If you see two strangers quarrelling in the distance you do not give much attention to them because you know that the dispute is none of your business. Treat the contents of your mind in the same way. Instead of filling your mind with thoughts and then organizing fights between them, pay no attention to the mind at all. Rest quietly in the feeling of "I am", which is consciousness, and cultivate the attitude that all thoughts, all perceptions are "not me". When you have learned to regard your mind as a distant stranger, you will not pay any attention to all the obstacles it keeps inventing for you.
Mental problems feed on the attention that you give them. The more you worry about them, the stronger they become. If you ignore them, they lose their power and finally vanish.  When maya [Illusion] is totally inactive, that is, when the identity with the body and the mind has  been dropped, there is an awareness of consciousness, of Being. When one is established in that state there is no body, no mind and no world. These three things are just ideas which are brought into an apparent existence when maya is present and active.  When maya is active, the sole effective way to dissolve it is the path shown by Bhagavan.

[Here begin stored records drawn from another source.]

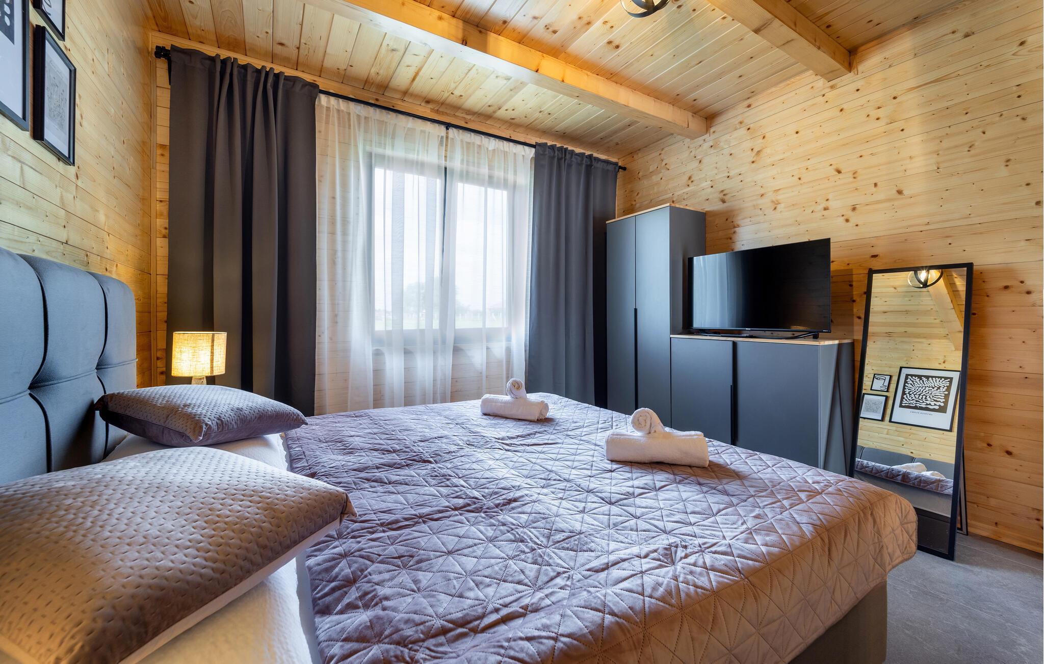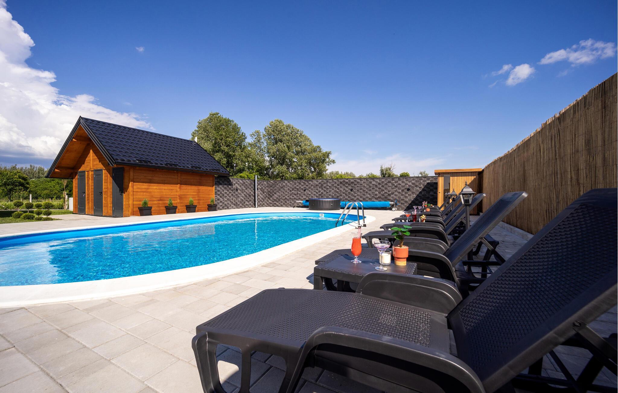 In der Nähe des Naturparks Kopacki rit empfängt Sie dieses komfortable und moderne Holzhaus mit schönem Gemeinschaftsgarten.
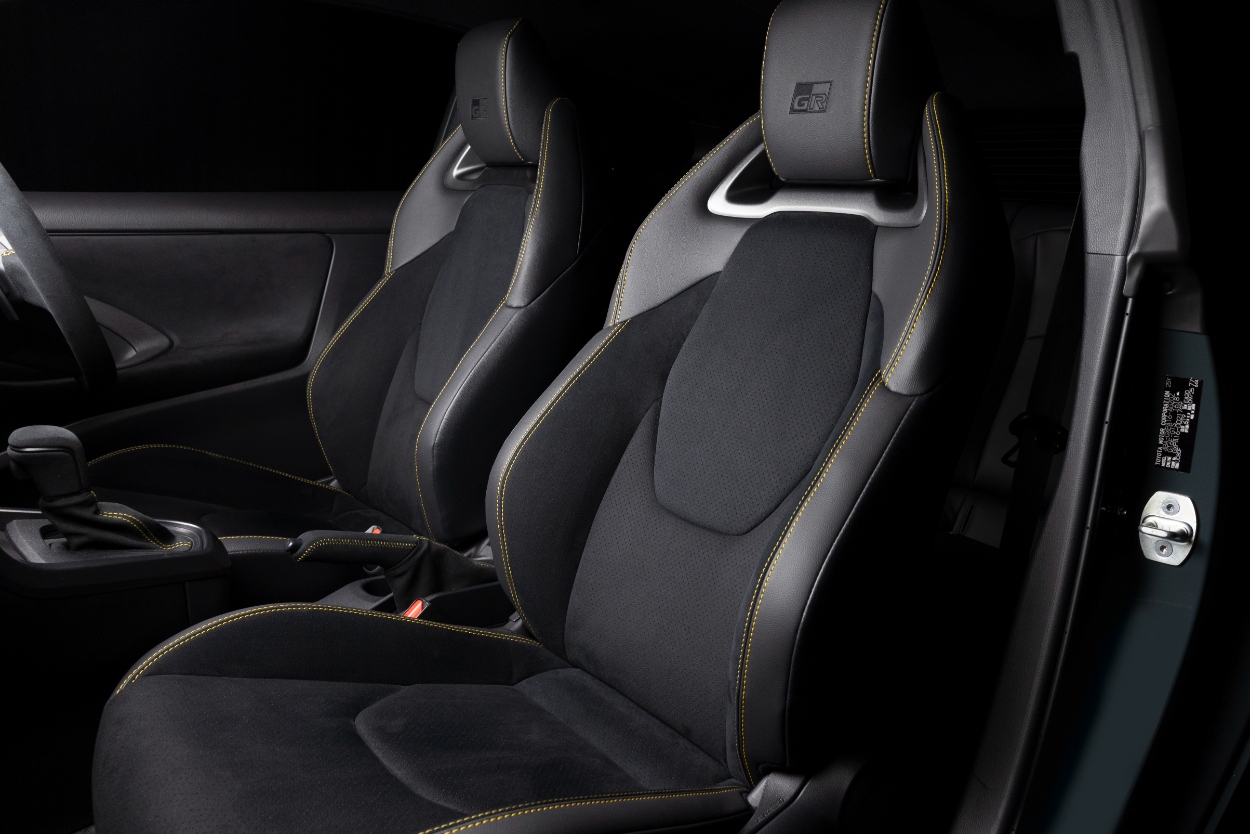No interior, o destaque é o volante que apresenta um design inspirado no automobilismo, revestido em Alcantara com detalhes em amarelo, que conta com patilhas de comando da caixa de velocidades, a que se junta um ecrã do painel de instrumentos personalizado.  Nota ainda para os bancos desportivos exclusivos com costuras em amarelo e um encosto de cabeça com GR bordado.
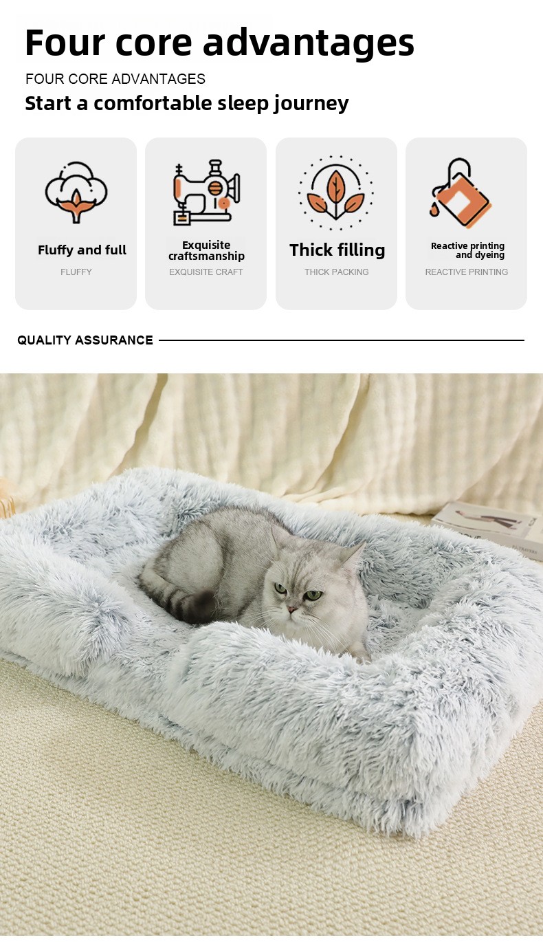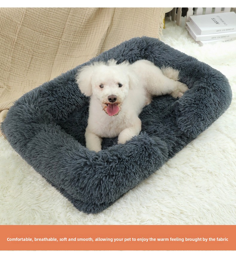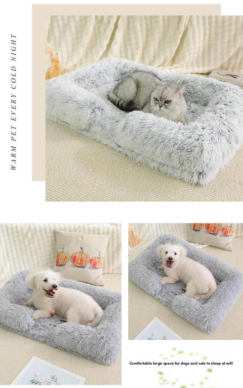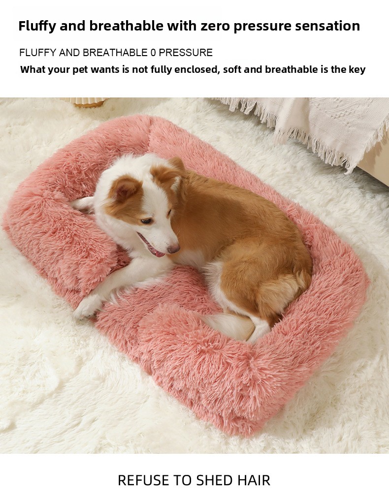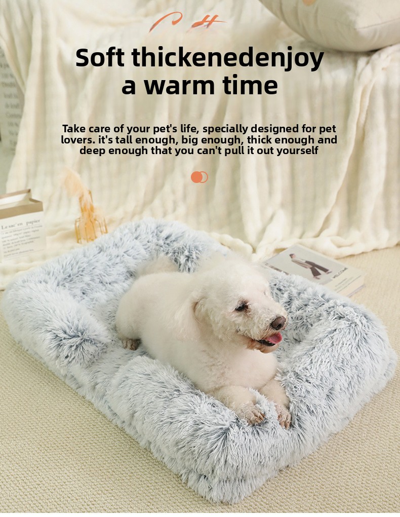 Plush Material: Soft and comfortable long plush fabric for pet warmth.
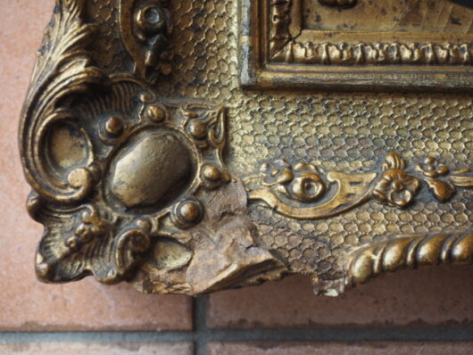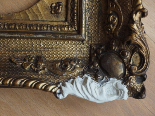 größere Abplatzungen der Stuckverzierung auf. Am rechten Rahmen sind Defekte an

One must do Self-enquiry and discriminate between what is real and what is unreal. It is the power of maya which makes us believe in the reality of things which have no reality outside our imagination. If you ask, "What are these imaginary things?" the answer is, "Everything that is not the formless Self". The Self alone is real; everything else is a figment of our imagination.  It is not helpful to enquire why there is maya and how it operates. If you are in a boat which is leaking, you don't waste time asking whether the hole was made by an Italian, a Frenchman or an Indian. You just plug the leak. Don't worry about where maya comes from.
Put all your energy into escaping from its effect. If you try to investigate the origin of maya with your mind you are doomed to fail because any answer you come up with will be a maya answer. If you want to understand how maya operates and originates you should establish yourself in the Self, the one place where you can be free of it, and then watch how it takes you over each time you fail to keep your attention there.
[The above themes & 1600 pages more are freely available as perused or downloaded PDF’s, the sole occupants of a Public Microsoft Skydrive “Public Folder” accessible through  www.jpstiga.com ]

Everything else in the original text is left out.